#### SOURCE DATA

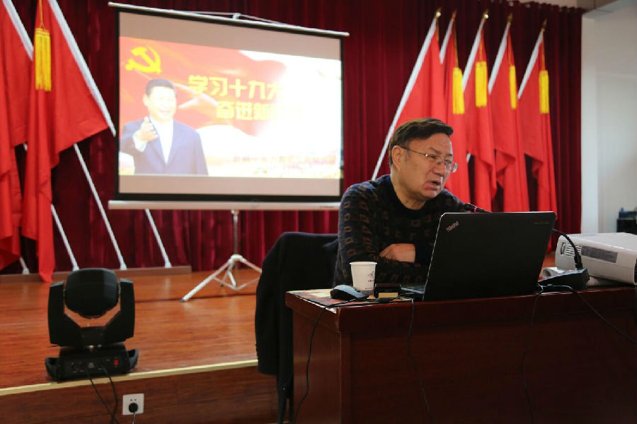 他指出,学习十九大报告,并不仅仅是读读报告原文那么简单,而是要深入的学,必须学深、学好、学透,因为党的十九大报告为中国未来特色社会主义的发展指明了方向,也是关系全党和全国各族人民切身利益的、十分重要的一个报告。他主要从中国共产党第十九次全国代表大会的主题、党的十八大以来取得的历史性变化和新成就、进入新时代以后中国特色社会主义的主要矛盾和历史方位、习 近平新时代中国特色社会主义的思想、新时代开启中国特色社会主义现代化建设的新征程、影响中国以人为中心和新时代新党建六个方面进行了全面深入的讲解。
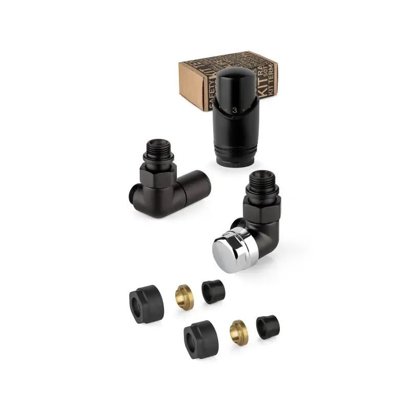 КИТ-двойноъгли вентили с aдаптори ф16 и термоглава ляви черни APM-Italy
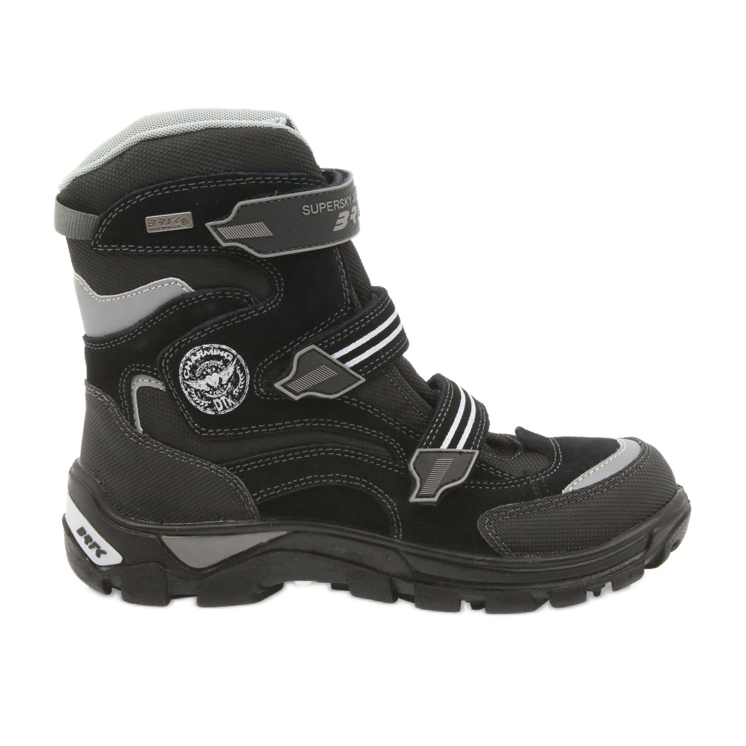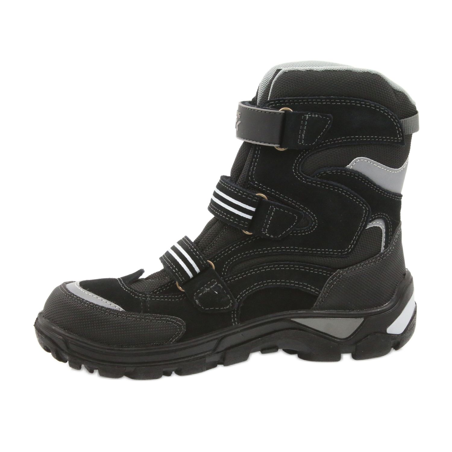 Cizmele negre cu accente gri nu sunt doar stilate, ci și practice. Realizate din piele naturala si material textil, garanteaza o ventilatie adecvata, iar interiorul izolat cu blana protejeaza eficient impotriva inghetului. Usor de pus datorita elementelor de fixare Velcro, copiii vor putea sa le planifice singuri, ceea ce le dezvolta independenta.
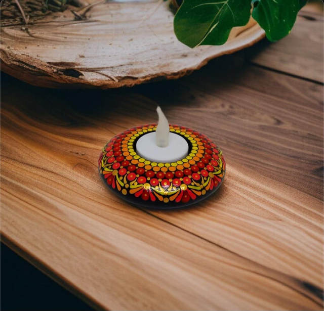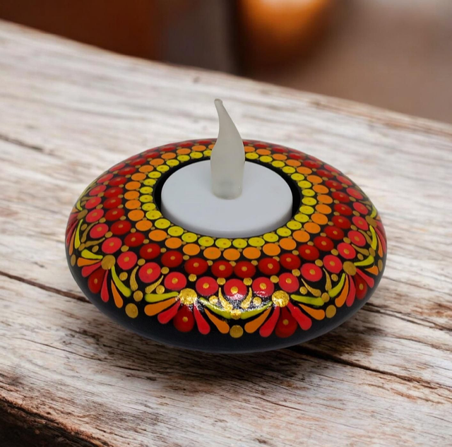 Ce bougeoir en bois, peint à la main, mesure 9 cm de diamètre et 1,5 cm de hauteur.

#### WORK TO BE COMPLETED
A verbatim copy of the data, pictures removed, is the expected result.

#### TASK OUTPUT
 他指出,学习十九大报告,并不仅仅是读读报告原文那么简单,而是要深入的学,必须学深、学好、学透,因为党的十九大报告为中国未来特色社会主义的发展指明了方向,也是关系全党和全国各族人民切身利益的、十分重要的一个报告。他主要从中国共产党第十九次全国代表大会的主题、党的十八大以来取得的历史性变化和新成就、进入新时代以后中国特色社会主义的主要矛盾和历史方位、习 近平新时代中国特色社会主义的思想、新时代开启中国特色社会主义现代化建设的新征程、影响中国以人为中心和新时代新党建六个方面进行了全面深入的讲解。
 КИТ-двойноъгли вентили с aдаптори ф16 и термоглава ляви черни APM-Italy
 Cizmele negre cu accente gri nu sunt doar stilate, ci și practice. Realizate din piele naturala si material textil, garanteaza o ventilatie adecvata, iar interiorul izolat cu blana protejeaza eficient impotriva inghetului. Usor de pus datorita elementelor de fixare Velcro, copiii vor putea sa le planifice singuri, ceea ce le dezvolta independenta.
 Ce bougeoir en bois, peint à la main, mesure 9 cm de diamètre et 1,5 cm de hauteur.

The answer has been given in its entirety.